La respuesta institucional llegó tarde, pero ahora es intensa. La Fiscalía General del Estado de Chihuahua activó el protocolo Alba en coordinación con Sinaloa. Se distribuyeron fichas con la foto y datos de Vicente Chávez Soto desaparecido en terminales de autobuses, mercados y cruces fronterizos. Además, se revisan grabaciones de comercios cercanos al último avistamiento. Cada hora cuenta y la colaboración binestatal busca acortar los 27 días que ya pesan como una losa sobre la esperanza de encontrarlo con vida.

Líneas abiertas para reportar pistas

Si alguien tiene información sobre Vicente Chávez Soto desaparecido, las autoridades habilitaron dos canales directos: el 911 para emergencias y el 089 para denuncias anónimas.

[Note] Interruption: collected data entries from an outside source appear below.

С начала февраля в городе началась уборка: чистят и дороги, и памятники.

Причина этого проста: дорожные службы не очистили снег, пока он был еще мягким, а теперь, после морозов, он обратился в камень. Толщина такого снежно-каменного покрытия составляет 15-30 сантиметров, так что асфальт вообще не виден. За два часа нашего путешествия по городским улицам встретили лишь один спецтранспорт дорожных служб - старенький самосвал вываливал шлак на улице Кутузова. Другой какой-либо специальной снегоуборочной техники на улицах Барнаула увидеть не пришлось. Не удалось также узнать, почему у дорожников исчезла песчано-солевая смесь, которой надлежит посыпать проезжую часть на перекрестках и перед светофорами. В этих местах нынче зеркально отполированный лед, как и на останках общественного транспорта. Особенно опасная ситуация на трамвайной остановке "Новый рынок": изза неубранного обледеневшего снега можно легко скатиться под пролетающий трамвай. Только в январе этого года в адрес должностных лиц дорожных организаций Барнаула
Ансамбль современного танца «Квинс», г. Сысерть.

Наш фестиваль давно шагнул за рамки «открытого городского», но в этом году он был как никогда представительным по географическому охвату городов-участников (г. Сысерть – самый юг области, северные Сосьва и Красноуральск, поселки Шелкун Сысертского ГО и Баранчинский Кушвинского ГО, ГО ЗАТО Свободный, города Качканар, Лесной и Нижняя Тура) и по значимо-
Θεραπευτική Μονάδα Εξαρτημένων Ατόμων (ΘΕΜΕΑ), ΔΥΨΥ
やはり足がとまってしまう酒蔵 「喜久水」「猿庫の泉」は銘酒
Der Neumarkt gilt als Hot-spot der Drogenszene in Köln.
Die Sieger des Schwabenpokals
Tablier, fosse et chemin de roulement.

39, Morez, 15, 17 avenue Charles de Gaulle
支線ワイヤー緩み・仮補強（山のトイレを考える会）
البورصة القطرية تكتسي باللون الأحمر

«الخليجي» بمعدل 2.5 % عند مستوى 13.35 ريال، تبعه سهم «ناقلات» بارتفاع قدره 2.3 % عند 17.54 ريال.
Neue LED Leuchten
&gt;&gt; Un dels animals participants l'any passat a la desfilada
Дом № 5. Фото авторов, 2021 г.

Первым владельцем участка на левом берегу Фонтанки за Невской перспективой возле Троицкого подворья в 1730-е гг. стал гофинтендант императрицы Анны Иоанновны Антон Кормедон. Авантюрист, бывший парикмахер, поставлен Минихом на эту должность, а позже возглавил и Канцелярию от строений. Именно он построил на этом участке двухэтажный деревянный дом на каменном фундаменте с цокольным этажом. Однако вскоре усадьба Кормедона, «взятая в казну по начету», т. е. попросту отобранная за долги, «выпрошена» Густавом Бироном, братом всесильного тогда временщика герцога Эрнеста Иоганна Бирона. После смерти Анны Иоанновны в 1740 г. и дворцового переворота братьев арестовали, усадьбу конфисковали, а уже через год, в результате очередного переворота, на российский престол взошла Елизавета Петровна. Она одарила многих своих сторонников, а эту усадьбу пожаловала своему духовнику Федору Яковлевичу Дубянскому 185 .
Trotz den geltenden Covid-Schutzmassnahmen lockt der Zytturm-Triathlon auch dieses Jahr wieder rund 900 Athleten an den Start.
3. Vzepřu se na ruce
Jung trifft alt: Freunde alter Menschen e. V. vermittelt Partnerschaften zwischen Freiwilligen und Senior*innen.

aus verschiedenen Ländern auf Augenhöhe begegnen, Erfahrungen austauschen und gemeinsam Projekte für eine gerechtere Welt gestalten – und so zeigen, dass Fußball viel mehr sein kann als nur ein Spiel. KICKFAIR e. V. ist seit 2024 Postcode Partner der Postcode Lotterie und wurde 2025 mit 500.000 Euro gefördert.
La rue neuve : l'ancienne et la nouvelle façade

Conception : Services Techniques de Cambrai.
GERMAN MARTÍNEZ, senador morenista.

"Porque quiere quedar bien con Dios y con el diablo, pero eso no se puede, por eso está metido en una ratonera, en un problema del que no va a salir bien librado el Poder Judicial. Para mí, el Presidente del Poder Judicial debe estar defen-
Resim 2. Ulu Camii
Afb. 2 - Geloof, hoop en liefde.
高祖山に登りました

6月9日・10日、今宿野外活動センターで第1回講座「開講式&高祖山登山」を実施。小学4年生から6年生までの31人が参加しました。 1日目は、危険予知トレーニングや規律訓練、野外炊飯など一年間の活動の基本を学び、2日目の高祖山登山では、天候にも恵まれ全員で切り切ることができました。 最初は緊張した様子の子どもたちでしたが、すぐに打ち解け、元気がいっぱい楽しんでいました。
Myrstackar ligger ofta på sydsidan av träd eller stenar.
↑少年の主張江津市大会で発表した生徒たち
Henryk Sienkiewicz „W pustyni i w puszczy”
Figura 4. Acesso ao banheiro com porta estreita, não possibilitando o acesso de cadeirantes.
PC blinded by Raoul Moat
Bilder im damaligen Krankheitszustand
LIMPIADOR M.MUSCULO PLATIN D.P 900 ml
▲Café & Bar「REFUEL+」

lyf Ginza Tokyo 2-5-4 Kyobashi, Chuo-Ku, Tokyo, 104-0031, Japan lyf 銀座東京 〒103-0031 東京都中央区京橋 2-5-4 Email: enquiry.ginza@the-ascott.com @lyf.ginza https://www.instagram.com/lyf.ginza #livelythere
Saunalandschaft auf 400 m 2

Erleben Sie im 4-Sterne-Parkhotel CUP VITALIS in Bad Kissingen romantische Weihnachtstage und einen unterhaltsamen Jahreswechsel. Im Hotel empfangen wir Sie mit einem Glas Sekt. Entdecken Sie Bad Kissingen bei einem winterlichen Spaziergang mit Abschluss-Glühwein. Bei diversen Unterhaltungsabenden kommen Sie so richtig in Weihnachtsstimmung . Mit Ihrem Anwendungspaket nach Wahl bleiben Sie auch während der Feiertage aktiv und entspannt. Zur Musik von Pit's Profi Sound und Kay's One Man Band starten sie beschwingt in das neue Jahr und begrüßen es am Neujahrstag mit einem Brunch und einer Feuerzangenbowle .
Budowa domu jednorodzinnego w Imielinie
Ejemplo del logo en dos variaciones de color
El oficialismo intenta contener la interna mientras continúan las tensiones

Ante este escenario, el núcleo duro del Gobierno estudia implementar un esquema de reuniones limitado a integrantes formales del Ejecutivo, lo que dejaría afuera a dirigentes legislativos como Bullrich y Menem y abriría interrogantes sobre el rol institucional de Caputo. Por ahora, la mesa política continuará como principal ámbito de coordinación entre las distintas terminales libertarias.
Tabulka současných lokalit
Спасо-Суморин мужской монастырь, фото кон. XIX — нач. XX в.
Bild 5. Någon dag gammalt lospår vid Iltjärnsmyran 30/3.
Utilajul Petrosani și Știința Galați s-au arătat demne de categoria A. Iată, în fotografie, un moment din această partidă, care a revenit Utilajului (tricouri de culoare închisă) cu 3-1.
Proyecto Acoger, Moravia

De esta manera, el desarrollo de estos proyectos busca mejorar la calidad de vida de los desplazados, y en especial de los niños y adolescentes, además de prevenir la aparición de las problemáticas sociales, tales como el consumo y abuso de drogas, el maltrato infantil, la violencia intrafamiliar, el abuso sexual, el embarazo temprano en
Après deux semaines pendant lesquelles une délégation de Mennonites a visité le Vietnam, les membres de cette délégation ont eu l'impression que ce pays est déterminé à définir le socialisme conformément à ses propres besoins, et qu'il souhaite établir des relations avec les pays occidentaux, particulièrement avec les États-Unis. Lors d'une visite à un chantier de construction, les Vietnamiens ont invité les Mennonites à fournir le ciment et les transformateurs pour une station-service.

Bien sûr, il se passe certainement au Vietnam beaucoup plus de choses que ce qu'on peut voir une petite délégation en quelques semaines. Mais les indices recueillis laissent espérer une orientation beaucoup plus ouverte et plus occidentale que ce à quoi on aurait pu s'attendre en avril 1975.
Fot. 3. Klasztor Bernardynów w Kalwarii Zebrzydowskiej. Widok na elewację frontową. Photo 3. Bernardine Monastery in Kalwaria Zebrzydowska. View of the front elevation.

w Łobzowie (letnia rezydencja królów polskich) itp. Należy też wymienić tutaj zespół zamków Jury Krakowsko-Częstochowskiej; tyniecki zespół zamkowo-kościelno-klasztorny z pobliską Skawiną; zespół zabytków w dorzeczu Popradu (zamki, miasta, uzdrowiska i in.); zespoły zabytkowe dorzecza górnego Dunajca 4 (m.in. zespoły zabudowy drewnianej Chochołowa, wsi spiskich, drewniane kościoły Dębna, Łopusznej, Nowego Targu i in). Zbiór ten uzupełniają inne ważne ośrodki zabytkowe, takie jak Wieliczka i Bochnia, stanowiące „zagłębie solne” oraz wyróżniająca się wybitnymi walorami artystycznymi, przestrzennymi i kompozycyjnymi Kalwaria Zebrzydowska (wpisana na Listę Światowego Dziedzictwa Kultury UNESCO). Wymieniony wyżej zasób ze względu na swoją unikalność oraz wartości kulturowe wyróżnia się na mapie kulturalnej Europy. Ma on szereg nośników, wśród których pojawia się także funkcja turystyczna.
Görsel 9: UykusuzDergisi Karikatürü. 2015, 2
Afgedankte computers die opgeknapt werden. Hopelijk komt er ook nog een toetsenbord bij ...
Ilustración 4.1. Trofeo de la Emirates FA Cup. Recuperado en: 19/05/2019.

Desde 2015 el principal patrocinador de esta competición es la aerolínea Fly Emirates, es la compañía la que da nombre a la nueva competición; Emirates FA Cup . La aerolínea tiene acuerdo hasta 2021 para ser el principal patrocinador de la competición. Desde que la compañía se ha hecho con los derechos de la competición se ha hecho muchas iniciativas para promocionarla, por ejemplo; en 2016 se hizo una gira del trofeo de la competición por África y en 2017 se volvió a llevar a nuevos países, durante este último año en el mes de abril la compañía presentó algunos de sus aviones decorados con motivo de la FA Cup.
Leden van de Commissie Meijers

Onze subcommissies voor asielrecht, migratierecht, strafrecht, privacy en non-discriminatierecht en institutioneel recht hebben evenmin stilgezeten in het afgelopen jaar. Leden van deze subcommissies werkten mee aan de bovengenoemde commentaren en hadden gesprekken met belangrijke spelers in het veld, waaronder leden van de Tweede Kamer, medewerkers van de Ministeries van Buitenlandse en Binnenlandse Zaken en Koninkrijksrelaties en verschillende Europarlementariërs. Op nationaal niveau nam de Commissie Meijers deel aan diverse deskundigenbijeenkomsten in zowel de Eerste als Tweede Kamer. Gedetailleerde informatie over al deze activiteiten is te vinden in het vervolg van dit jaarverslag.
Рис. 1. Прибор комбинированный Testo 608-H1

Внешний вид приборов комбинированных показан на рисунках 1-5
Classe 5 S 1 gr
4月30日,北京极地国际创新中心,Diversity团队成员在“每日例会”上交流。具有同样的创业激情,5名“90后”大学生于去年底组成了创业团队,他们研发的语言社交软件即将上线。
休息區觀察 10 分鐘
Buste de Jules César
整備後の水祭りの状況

Cualquier dato, por mínimo que parezca, puede ser la pieza que rompa el silencio de estos 27 días. La recompensa por información útil ya se analiza en ambas fiscalías.

Organizaciones civiles que acompañan casos similares destacan que la mayoría de las desapariciones en la región noroeste se resuelven gracias a la presión social y la difusión masiva, algo que ha impulsado la familia desde redes locales.

Medios regionales como El Diario de Chihuahua han mantenido el tema en portada, lo que obligó a las fiscalías a acelerar los operativos conjuntos iniciados apenas la semana pasada.

Expertos en criminología consultados por portales estatales coinciden en que la descripción física detallada y el tatuaje distintivo aumentan las probabilidades de localización rápida si la ciudadanía colabora activamente.